20. The HSV virion of claim 17, wherein the herpes virus component of said virion is intrinsically cytotoxic to neoplastic cells.

21. The HSV virion of claim 18, wherein said transgene of interest encodes a product capable of activating or enhancing a chemotherapeutic agent, a cytokine gene, a tumor suppressor gene, or a tumoricidal gene selected from the group consisting of diptheria toxin, pseudomonas toxin, anti-angiogenesis genes, tumor vaccination genes, radiosensitivity genes, antisense RNA, or ribozymes.

22. The HSV virion of claim 1 , wherein said targeting domain encodes

IL-4, EGFRvIII, heregulin, DF3/MUC1, or prostate specific membrane antigen (PSMA).

23. The herpes simplex virus amplicon vector of claim 10, wherein said targeting domain is determined using phage display technology.

24. The HSV- 1 amplicon plasmid pCONGA.

25. The HSV- 1 amplicon plasmid pCONGAH.

26. The HSV-1 amplicon plasmid pCONGA4.

27. A method of selectively targeting a cell by administering the HSV virion of claim 1.

28. A method of selectively targeting a cell using the HSV virion of claim 2.

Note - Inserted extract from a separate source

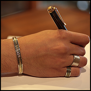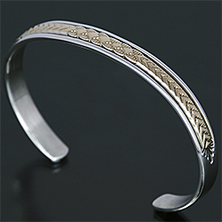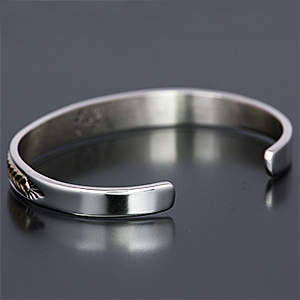 | NAVAJO/ナバホ族のアーティスト Bruce Morgan/ブルース・モーガンに制作を依頼したバングルです。 シンプルながらも深く正確なスタンプワーク、こちらのデザインは4ダイヤ/アローになります。 センターラインは14Kを使用しているため高級感があり、スタイルを選びませんので様々な場面でお使い頂けます。 単体でも他のバングルとの重ね着けにも相性良くお楽しみ頂けます。 | ||

29. A method of selectively targeting a neoplastic cell using the HSV virion of claim 17.

30. A method of selectively targeting a neoplastic cell using the HSV virion of claim 18.

31. A method of selectively targeting a neoplastic cell using the HSV virion of claim 19.

32. A method of selectively targeting a neoplastic cell using the HSV virion of claim 20.

33. A method of selectively targeting a neoplastic cell using the HSV virion of claim 21.

34. A method of selectively targeting a neoplastic cell using the

HSV virion of claim 26.

35. The method of claim 20, wherein said neoplastic cell is derived from a central nervous system tumor.

36. The method of claim 35, wherein said neoplastic cell is from a glioblastoma.

37. The method of claim 29, wherein said neoplastic cell is derived from a breast cancer.

38. A method of producing an HSV amplicon producer cell line using the HSV virion of claim 14, along with an appropriate antibiotic for selection.

39. The method of claim 38, wherein said antibiotic is G418.